Submitted to: Poultry Science
Publication Type: Peer Reviewed Journal
Publication Acceptance Date: 2/1/1996
Publication Date: N/A
Citation: N/A

Interpretive Summary: Pullorum disease, a severe systemic infection of poultry that can be transmitted vertically to the progeny of infected breeding stock, caused significant mortality losses in young chickens until the implementation of a control program based on testing commercial breeding flocks for antibodies to the causative agent, Salmonella pullorum. In some recent pullorum disease outbreaks in commercial chickens, however, the standard antibody tests apparently failed to detect infected young birds. Questions have thus been raised about whether the traditional serological tests and antigens are still able to adequately detect infections with current field strains of S. pullorum. We evaluated the ability of standard agglutination test antigens, in both plate and tube assays, to detect infection in egg-type hens inoculated with large oral doses of six recent S. pullorum isolates. Using any of the antigens under consideration, antibodies to S. pullorum were found in the blood of most inoculated hens. The traditional antigens detected infections with recent S. pullorum strains as effectively as did antigens prepared from the recent strains. However, infections with some antigenic forms of S. pullorum were apparently more difficult to detect than others, regardless of the test or antigen used. Hens in which S. pullorum was found in the livers and ovaries were nearly always also positive in the antibody tests.

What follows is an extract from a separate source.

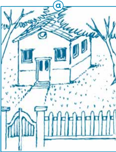
Στην εικόνα α βλέπω

Technical Abstract: Despite extensive testing for Salmonella pullorum infections in commercial poultry, occasional outbreaks of pullorum disease still occur. In some recent instances, questions have been raised about whether standard serological assays, which employ antigen strains selected several decades ago, are still able to detect currently prevalent S. pullorum strains. The present study evaluated the ability of standard rapid whole-blood plate agglutination test and serum tube agglutination test antigens to detect infection in single-comb white leghorn hens inoculated with large oral doses of six recent S. pullorum isolates. Two commercially available plate test antigens were obtained and three tube test antigens were prepared. All five antigens identified most inoculated hens as seropositive, although some differences in sensitivity were evident between the two assay types and between the two plate test antigens. The antigenic composition of the tube test antigens did not affect their ability to detect infections with the various inoculum strains. Regardless of the antigen used, hens infected with antigenically intermediate or variant S. pullorum strains were detected as seropositive less often than were hens infected with antigenically standard strains. Positive culturing results for S. pullorum in the livers and ovaries of infected hens were nearly always predicted by positive serological tests.